I have had TGM for about 2 weeks.  Fortunately, I had read the book about TGM beforehand, so I knew that it was meant as a reference manual for teachers, not for people like me unless I was prepared for some serious study effort. 

 

I am on my third read, and I am starting to find my way round the book, the cross referencing and the language.

 

I think I understand, at this point, maybe 0.1% of the book.  But that 0.1% has already improved my game.  My first takeway was that you were either swinging or hitting.  That was news to me (and I have a LOT of golf instruction books).  Then I got a slight grasp on what swinging was and where the power came from. Once I got the idea of "accumulator #4" from TGM, I was able to power a basic Stack and Tilt swing with body pivot and let the hands uncock automatically. 

 

That was a revelation to me.  It moved me from a short hitter in my group to a good average in one go.  I now realise that I have been "throwing" the club and / or over accelerating from the top all my golfing career and TGM has already given me the language and insights to start to make progress. 

 

My latest clue from TGM has been to swing the right forearm on plane.  This is helping me hit from the inside.   

 

I would visit a TGM professional, but there are none nearby.  So, I will carry on and get as much as I can from TGM. 

 

My take on TGM is:  this is the "mother lode" of golf knowledge.  But it takes a LOT of work.  So far it has taken 3 reads, each one several hours of intense reading, to get 2 actionable clues.   But I have spent many more hours and much more money with pro lessons and other golf books and got far less. 

 

I really wish I had found it years ago. 

 

post #51 of 94
Since I've never seen a golf tip that I didn't like, I don't have the courage to read TGM. At my level I feel it would be like trying to learn about the solar system by staring at the sun.

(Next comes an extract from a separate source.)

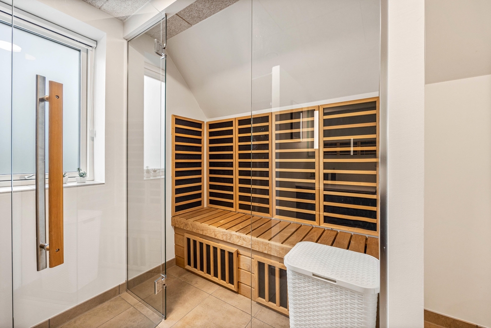 Entspannt wach werden, in einem der drei Badezimmer ist garantiert. Die Badezimmer sind alle mit Fußbodenheizung und Dusche ausgestattet, sowie Eines mit einer modernen Infrarotsauna.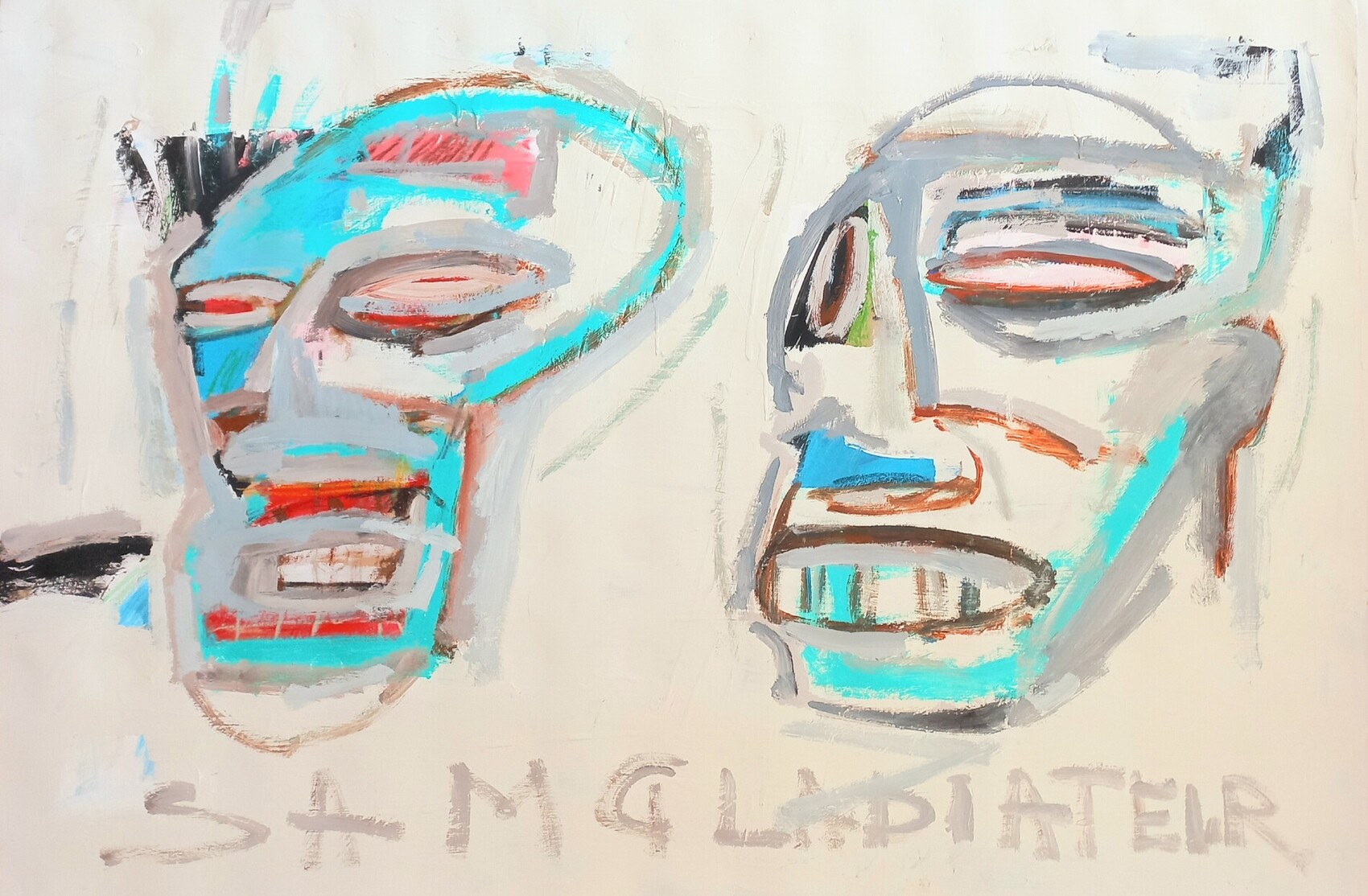 Art-Sourd 117x80cm acrylique sur carton signé Sam KEUSSEYAN-Gladiateur Livraison inclus 06 25 20 02 02 keusseyan1980@hotmail.com

There is, however, a great book by Scott Gummer called "Homer Kelley's The Golfing Machine (The Curious Quest That Solved Golf)". It takes you through Kelley's journey and beyond. If you're like me and have an insatiable thirst for golf history, theory, etc, etc, you'll find this a thoroughly enjoyable read. Has anybody else on this thread read it? (Btw, I've finally created an account and this is my first post.)
post #52 of 94

Richie3Jack has a TGM translation the spans a couple of dozen links: try it here

 

Look to the right menu for the links to all the other parts.

post #53 of 94

Lipout:

 

I agree with everything you are saying. I am very analytical so I could tolerate going back and forth in TGM. I learned in 2006(?) about the (Hardy) two plane (swinger) and one plane (hitter) swings. Before that I  tried to incorporate every tip that sounded good to me and I just got messed up. But now that I am reading TGM (over and over), I can weed out the swing tips and use the hitter tips. One thing that has particularly helped me is getting all of my swing thoughts moved into feel. I started playing golf at 46 so I never had a natural swing with good rhythm and tempo.  That is just starting to come around. for me.

post #54 of 94

I have to agree. Right now the game of golf is struggling. People are leaving golf because it is simply too hard to initially learn. We really need a teaching platform that can get the bulk of the new players up to a level they can feel good about their game quickly. The Golfing Machine does not provide that platform.